Introduction

The following figure presents the architecture of the SLURM (Simple Linux Utility for Resource Management) cluster on the ANITI platform:

The cluster consists of:

An interactive node (isis.aniti.fr)

This is the node on which you must connect to access the compute cluster. This node (Linux Centos7 subsystem) can be used to validate programs before launching them on the cluster Calculation. Because this node is shared among all users, it should not not be used for running long jobs.

 

Compute nodes

These nodes (Linux Centos7 subsystem) are servers dedicated to calculations. The SLURM job manager manages on the calculation nodes the distribution and execution of the processes that you run from the interactive node. A process running on a compute node accesses data hosted on the storage array, performs processing and saves the result to the array.

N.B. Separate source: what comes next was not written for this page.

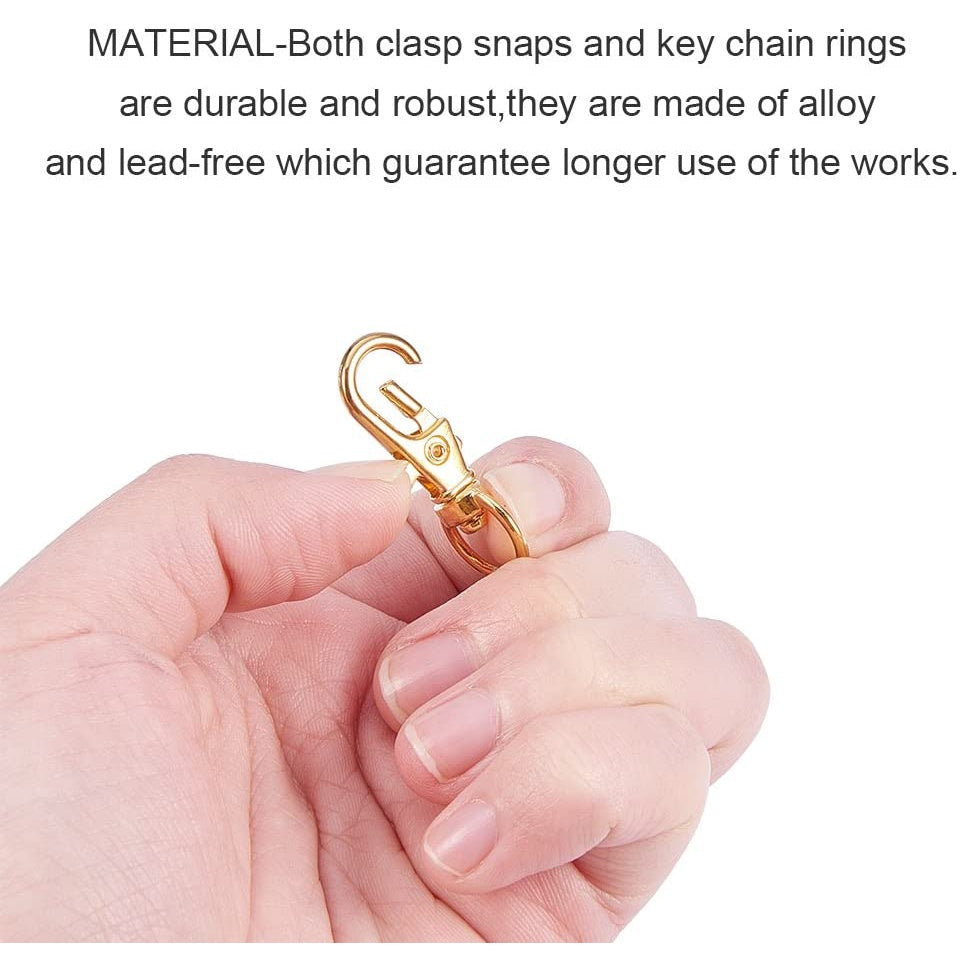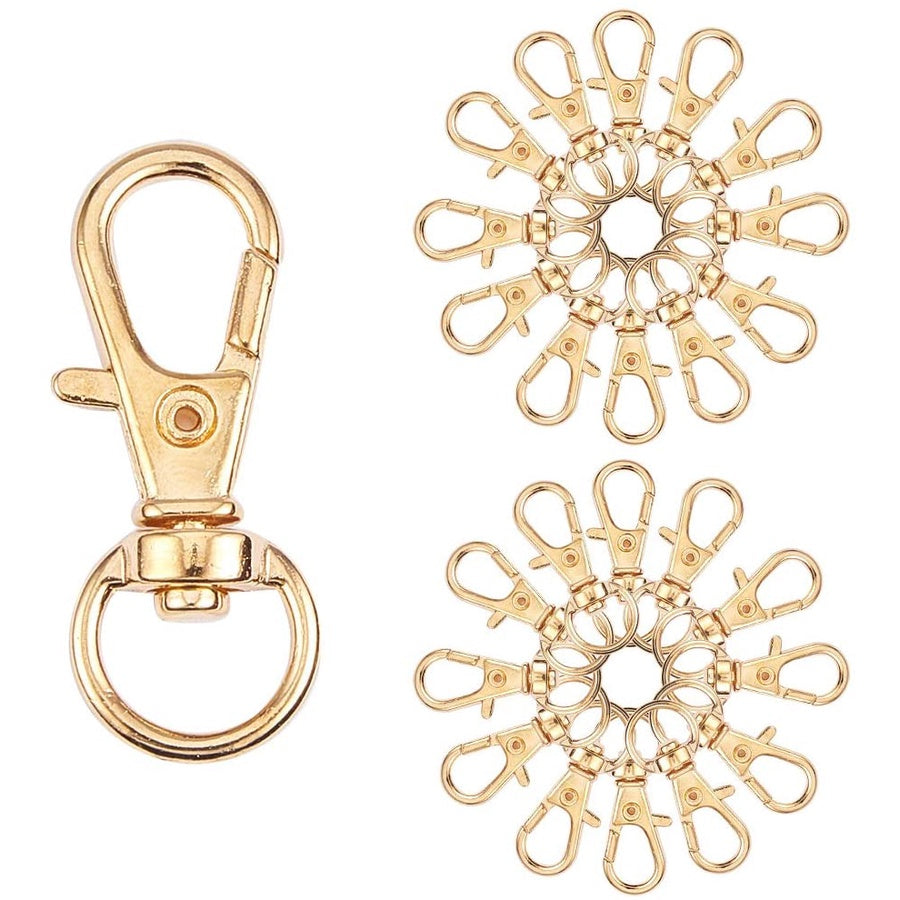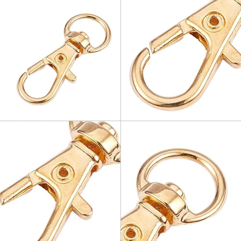Get 100pcs of swivel lobster claw clasps for keychain and pendant making. Made of alloy in a golden finish. Each clasp measures 32.5x11x6mm with a hole size of 9x5mm.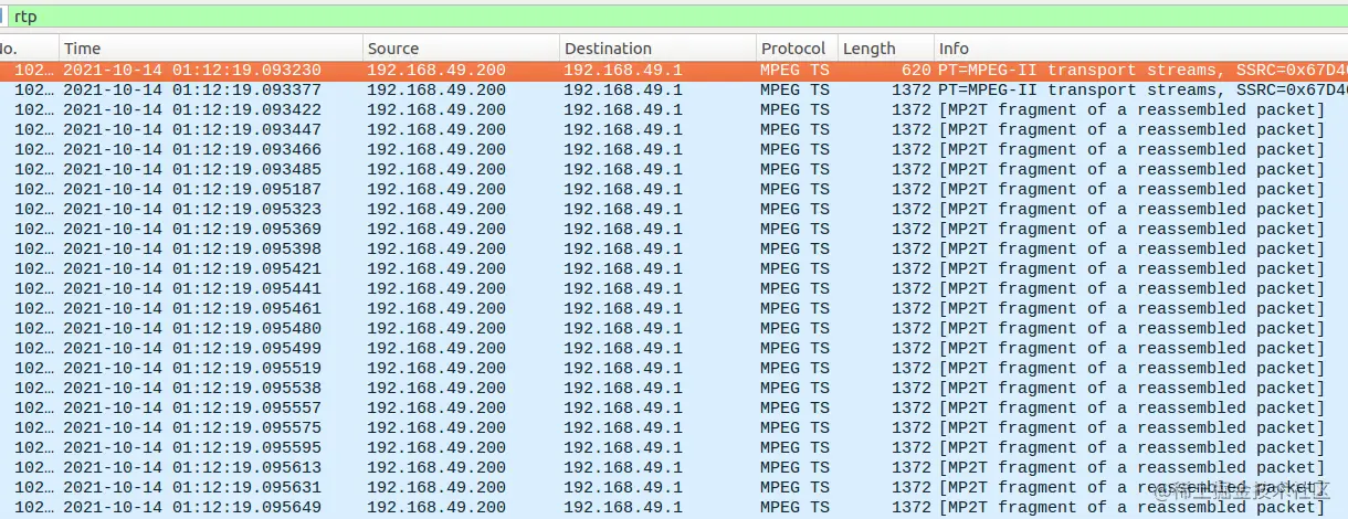 如图,这些包都是192.168.49.200这个设备发给192.168.49.1设备的MPEG-TS。下面总结的时候整个解析过程:

Compute nodes are divided into 2 categories:

  • 4 Intel Xeon Gold 6240 18-core dual-processor computing nodes at 2.6 Ghz, and 384 GB of RAM.
    Multithreading is enabled on these servers.
    These nodes are grouped into a Slurm partition that we have named "CPU-Nodes". This is the default partition.
    This partition will be dedicated to processing that does not use GPUs.
    Each process will be limited to 72 threads and/or 368 GB of RAM.
    On the other hand, the number of processes created by a Job, a Job Step or a Task is limited only by the total size of the partition (and the availability of resources): for example a single Job will be able to execute, in parallel, 2 Steps of 2 Tasks each, with each Task creating 72 threads. This Job will use 288 threads (144 CPUs) and will be distributed on the 4 nodes.
  • 3 compute nodes each with 3 Nvidia graphics cards Quadro RTX 8000 (48GB RAM).
    Multithreading is not enabled on these nodes.
    These nodes are grouped in a partition Slurm we named "GPU-Nodes". This partition is intended for processing that takes advantage of computing power provided by GPU processors. Deep's Frameworks Learning (TensorFlow, Pytorch, ...) are the perfect example.

 

A storage bay

With a capacity of approximately 200 TB, this storage is provided by ATLAS storage at the CALMIP mesocentre. Data is accessible from the node interactive and computing nodes via the GPFS protocol.